第131章 韩省的回答 (第1/2页)
信是夹在破费咖啡门缝里的。牛皮纸信封,没有邮戳,没有署名,只有一道被对折过的压痕,像是被人折好之后塞进去的。陆江流早上开门的时候,信封落在门槛内侧的地砖上,橘猫正好从窗台上跳下来,用前爪按了一下信封的边缘,像是在确认里面不是罐头,然后走开了。
陆江流拆开。里面只有一张照片,六寸大小,边角裁得很齐,不像是随手拍的。照片里是一间房间,不大,墙面是暖白色的,有一扇朝南的窗户,窗台上放着一个他认识的东西——编号H-07的玻璃罐。透过罐壁能看到林小禾母亲悬浮在淡黄色液体中的轮廓,依然是舒展的,闭着眼,嘴角的弧度没有变化。窗外的景色是一段他熟悉的巷子,灰砖墙,一棵梧桐,墙角有一根歪斜的旧电线杆,杆子上贴着一张已经褪色的通下水道广告。
陆江流站在门口,晨风从他身后灌进来,吹动照片的边角。他把照片翻过来,背面空白。他把照片再次翻回正面,盯着窗外那段巷子看了三秒钟,然后说了一句不算太长的话:"他把罐子从保险库搬出来了。"橘猫在门槛上蹲下来,尾巴搭在门框边缘,仰头看了他一眼,好像在问"然后呢"。

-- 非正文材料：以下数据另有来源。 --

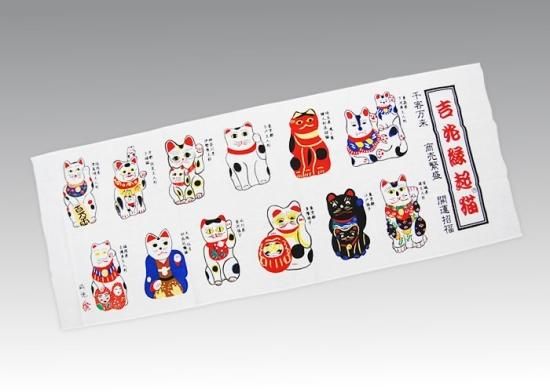 「吉兆縁起猫」の招き猫がおめでたいお年賀手ぬぐいです。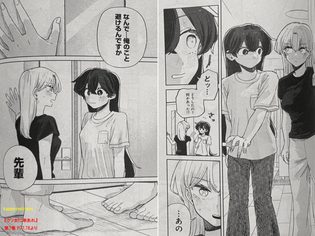 『クソ女に幸あれ』第7巻 P77,78より直に言われて意識せず普通に暮らせるように努力する感じにはなりましたが、たぶんまだ意識してますよね。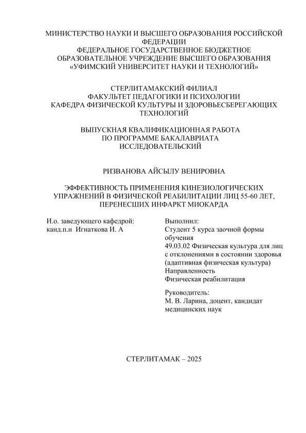 физическая культура). Программа: Физическая реабилитация / А. Р. Кутлубаева; Уфимский университет науки и технологий, Стерлитамакский филиал, Факультет педагогики и психологии, Кафедра физической культуры и здоровьесберегающих технологий, научный руководитель М. В. Ларина. — Стерлитамак, 2026. — 61 с. — <URL:https://elib.bashedu.ru/dl/diplom/SF/2026/FPIP/KutlubaevaAR_49_03_02_ZSAFK52_bak_2026_VKR.pdf>. — текст: электронный

他把照片带进店里,放在吧台上,然后拨了林小禾的电话。响了一声就接了。他说:"你来一趟。韩省寄了一张照片。"林小禾到的时候围巾都没摘,白发被风吹得有些散,她进门的时候没有看陆江流,直接走到吧台前拿起那张照片,把脸凑得很近,像在读一行特别细小的代码。然后她停住了,目光聚焦在窗外那段巷子的某一个点上,像是发现了一个别人永远不会注意到的变量。
"这条巷子我认识。"她把照片举到陆江流面前,手指点在窗玻璃反射的对面墙上一块剥落的墙皮上,"看到那块墙皮了吗?形状像一个歪掉的'7'。上次从厂房去菜市场,我走错路的时候经过那条巷子,看到过同一块墙皮。就在厂房后面,第三条街,走过去大概十五分钟。"

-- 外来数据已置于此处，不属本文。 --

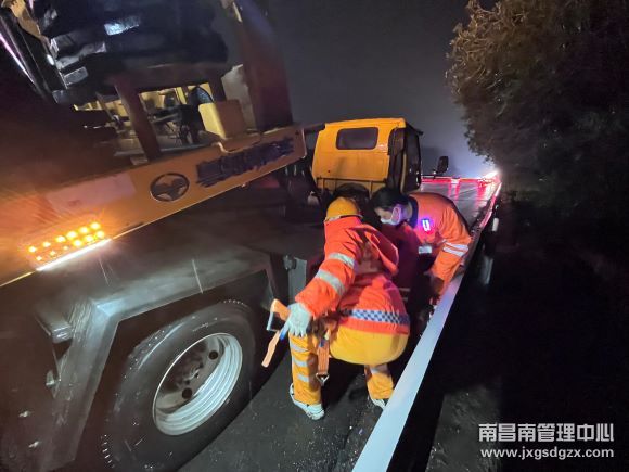 在返回的路上,南昌方向K523公桩处,又发生了一起3车追尾事故,队员们立即下车做好安全围蔽,并在预警车后方指挥积压车辆缓慢通行。经检查,有两辆小车可以正常驾驶,中间的面包车无法自行驶离,于是他们立即调度在上饶西收费站值守的拖车赶赴现场大家分工协作,5分钟后便成功将面包车上板、驶离现场,消失在黑夜尽头。

十五分钟。步行。这条信息和之前"保险库"、"地下三层"、"多重门禁"之间,隔着一整段完整的航程距离——韩省只用一个晚上就把罐子从物理距离上拉进了他们的生活半径。
"他把它放在步行十五分钟的地方。"林小禾把照片放下,语气是平的那种平,不是情绪被压制住的平,是问题在可解范围内的平,"他想干什么?"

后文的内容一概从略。